When installed Postgresql 12.3 for testing purposes we have discovered
following possible bug:
Character "8" (different from standard number 8) is treated as a number by
regular expression
  ~'\d+' 
but can not be converted to numeric by
 ::numeric

How to reproduce the bug:
Command:
SELECT '8' ~ '\d+'
returns "false" for PostgreSQL 10.4 on both Windows 10 and CentOS Linux 7
returns "false" for PostgreSQL 11.5 on CentOS Linux 7
returns "true" for PostgreSQL 12.3 on Windows 10 - but in this case,
character still can not be converted to numeric.

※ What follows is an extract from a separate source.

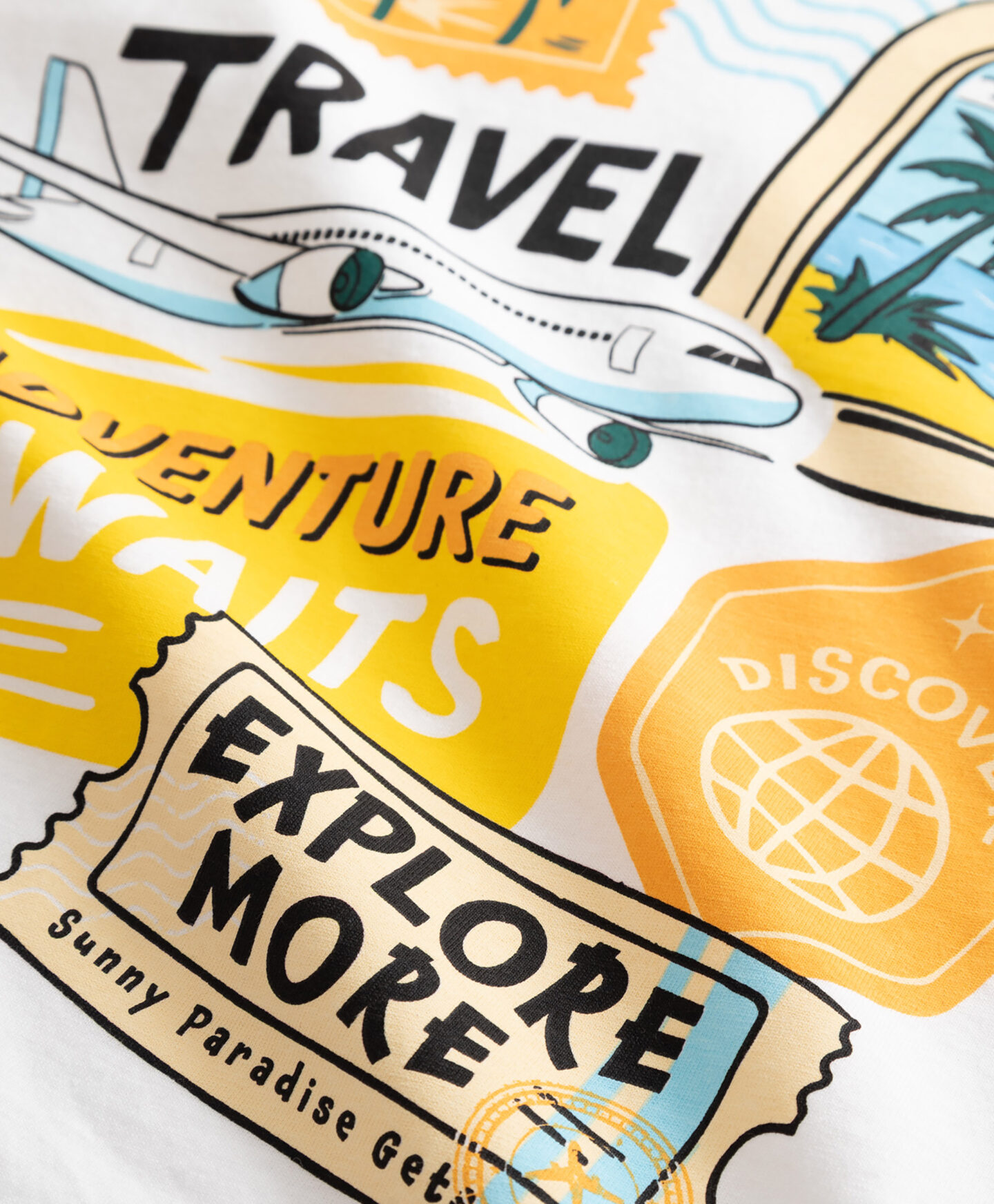 Scopri questa maglietta bianca da bambino in cotone, pensata per i piccoli esploratori! Morbida e traspirante, è perfetta per le giornate più calde o per un look fresco e comodo. Il design ispirato ai viaggi aggiunge subito un tocco di allegria al suo outfit e la rende ideale per le avventure di tutti i giorni o per le gite fuori porta. Leggera e facile da abbinare, è un must-have nel suo armadio!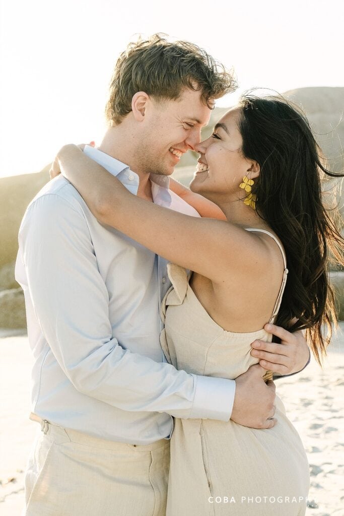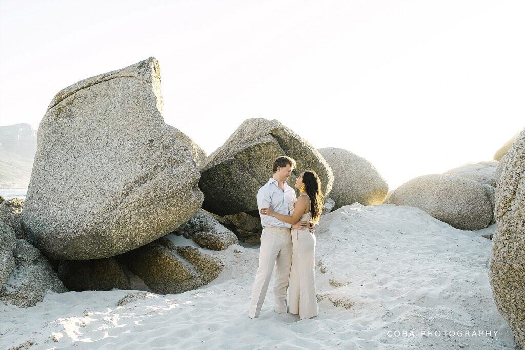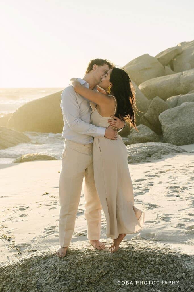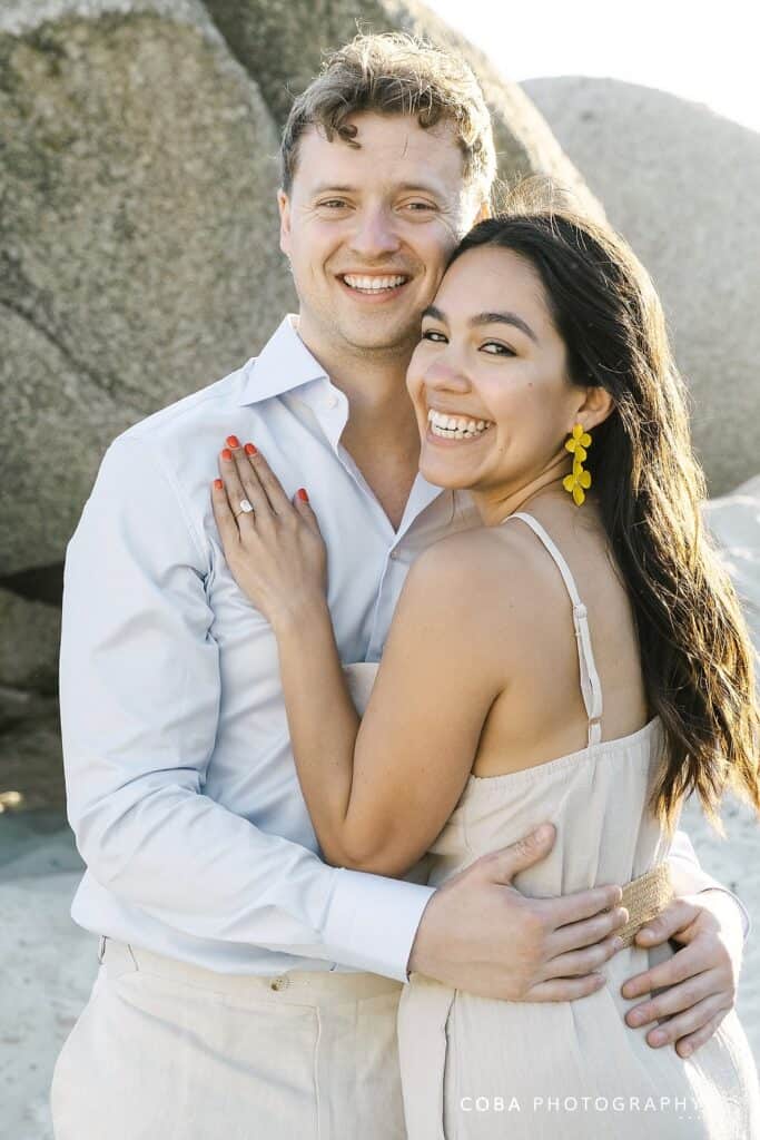 Newly engaged couple embracing during a Camps Bay sunset proposal at the iconic Maiden’s Cove lookout. Surprise engagement at Maiden's Cove scenic lookout featuring the Atlantic Ocean and granite boulders at golden hour.

This behavior causes obvious problems when using data type conversion
like:
CASE WHEN column1 ~ '\d+' THEN column1::numeric AS column2
Error: '8' can not be cast to numeric


PG Bug reporting form <noreply@postgresql.org> writes:
> When installed Postgresql 12.3 for testing purposes we have discovered
> following possible bug:
> Character "8" (different from standard number 8) is treated as a number by
> regular expression
>   ~'\d+' 
> but can not be converted to numeric by
>  ::numeric

I see no reason to consider this a bug.

The set of characters matched by \d is, as documented, dependent on
your collation choice or locale settings (LC_CTYPE in particular).
We are not going to try to guess at what random Unicode glyphs might
be included in a particular locale, much less make numeric_in take
them all.

If you want to know whether a string is acceptable to numeric_in
I'd suggest writing something based around [0-9] not \d.

            regards, tom lane



Behavior has been tested on both Postgresql 10 and Postgresql 12 with same
LC_CTYPE set. Actualy it was the same Windows computer.

The problem might be fixed by using [0-9\.]+ but it does not explain the
different behaviour among Postgres versions.



--
Sent from: https://www.postgresql-archive.org/PostgreSQL-bugs-f2117394.html



tester357 <tester357.postgres@email.cz> writes:
> Behavior has been tested on both Postgresql 10 and Postgresql 12 with same
> LC_CTYPE set. Actualy it was the same Windows computer.
> The problem might be fixed by using [0-9\.]+ but it does not explain the
> different behaviour among Postgres versions.

True.  If the older version were pre-v10 the explanation would be that it
lacked support for regex character-class checks on characters above U+7FF.
But AFAICS, we should act the same in v10 and later versions: we just ask
the platform's iswdigit() whether the character is a digit.  I have to
conclude there's something inconsistent in iswdigit().

I notice that POSIX seems to mandate that the [:digit:] class be
exactly '0' through '9': the "Locale" chapter says

digit
    Define the characters to be classified as numeric digits.

    In the POSIX locale, only:
    0 1 2 3 4 5 6 7 8 9
    shall be included.

    In a locale definition file, only the digits <zero>, <one>, <two>,
    <three>, <four>, <five>, <six>, <seven>, <eight>, and <nine> shall
    be specified, and in contiguous ascending sequence by numerical
    value. The digits <zero> to <nine> of the portable character set
    are automatically included in this class.

The Linux man page for iswdigit() says the same, so it's no surprise
that the test case returns "false" on Linux.  Sadly, it's also little
surprise if Microsoft thinks they're not bound by the POSIX spec.

In general, I'm not finding anything particularly investigation-worthy
in this report.  If somebody with an appropriate system wanted to chase
down exactly why the v10 vs v12 difference exists, that might be
marginally interesting, but I doubt we'd consider it a bug.
Platform-dependent results are expected here.

            regards, tom lane